■ **Problem to work on**
Without the pictures, output the lines of the material from the very first through the one that holds "2)选择File->Sett".

◇ ◇ ◇ ◇

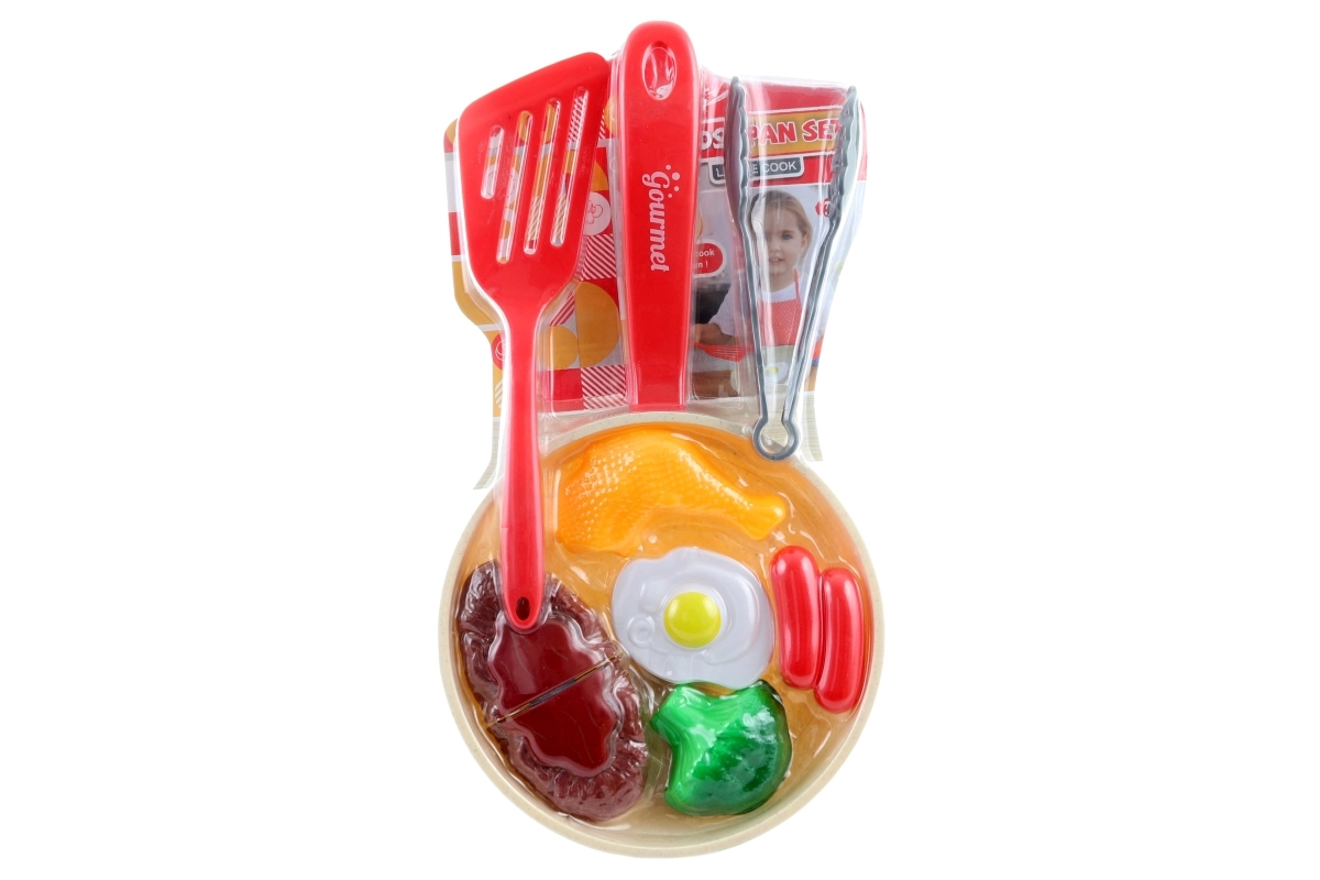 In de set vind je alles wat je nodig hebt: koekenpan, spatel, tang en 5 stuks etenswaren (bijv. ei, steak, worst, vis of groente). De set is gemaakt van kwaliteitsplastic en geschikt voor kinderen vanaf 3 jaar.
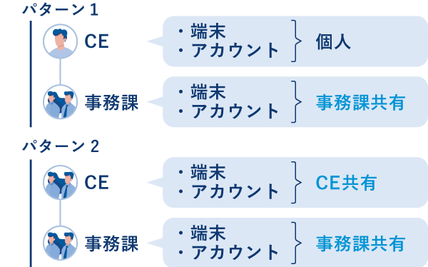 ※Link, Assetともに、1つのアカウント(例:管理課共通アカウント)で
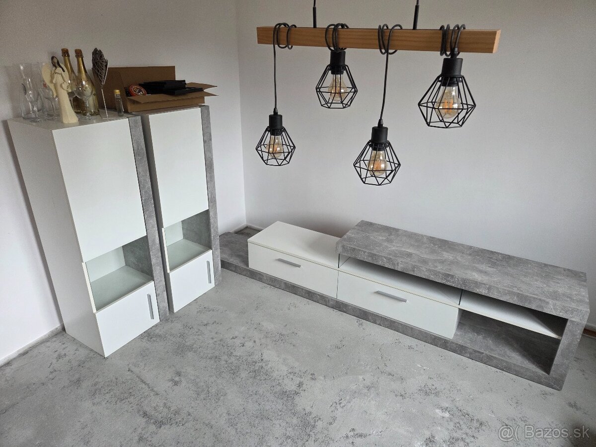 Predám obývaciu zostavu v dekore beton- konferenčný stolík, tv stolík, 2x závesná skrinka.
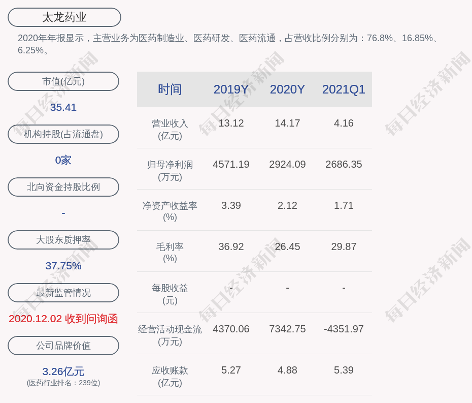 2020年年报显示,太龙药业的主营业务为医药制造业、医药研发、医药流通,占营收比例分别为:76.8%、16.85%、6.25%。
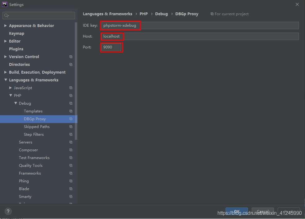 2)选择File->Settings->LanguagesFrameworks->PHP->Debug->DBGp Proxy,
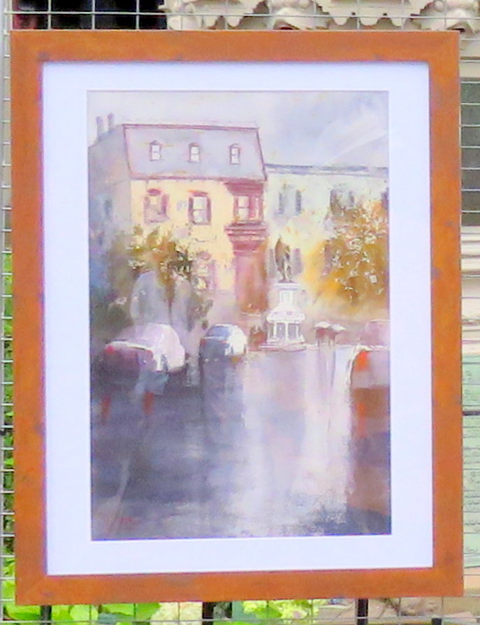 p.s. A special mea culpa to Val and Andrea Robert. After joking with them about schmoozing so much I sometimes forget to snap a photo, I did just that at their exhibit on Green Street on Saturday. To the left, you can see the Man in the Orange Shirt at the Winners Circle in 2017. Find images of many of his fine works here.

◇ ◇ ◇ ◇

■ **Response below**
 In de set vind je alles wat je nodig hebt: koekenpan, spatel, tang en 5 stuks etenswaren (bijv. ei, steak, worst, vis of groente). De set is gemaakt van kwaliteitsplastic en geschikt voor kinderen vanaf 3 jaar.
 ※Link, Assetともに、1つのアカウント(例:管理課共通アカウント)で
 Predám obývaciu zostavu v dekore beton- konferenčný stolík, tv stolík, 2x závesná skrinka.
 2020年年报显示,太龙药业的主营业务为医药制造业、医药研发、医药流通,占营收比例分别为:76.8%、16.85%、6.25%。
 2)选择File->Settings->LanguagesFrameworks->PHP->Debug->DBGp Proxy,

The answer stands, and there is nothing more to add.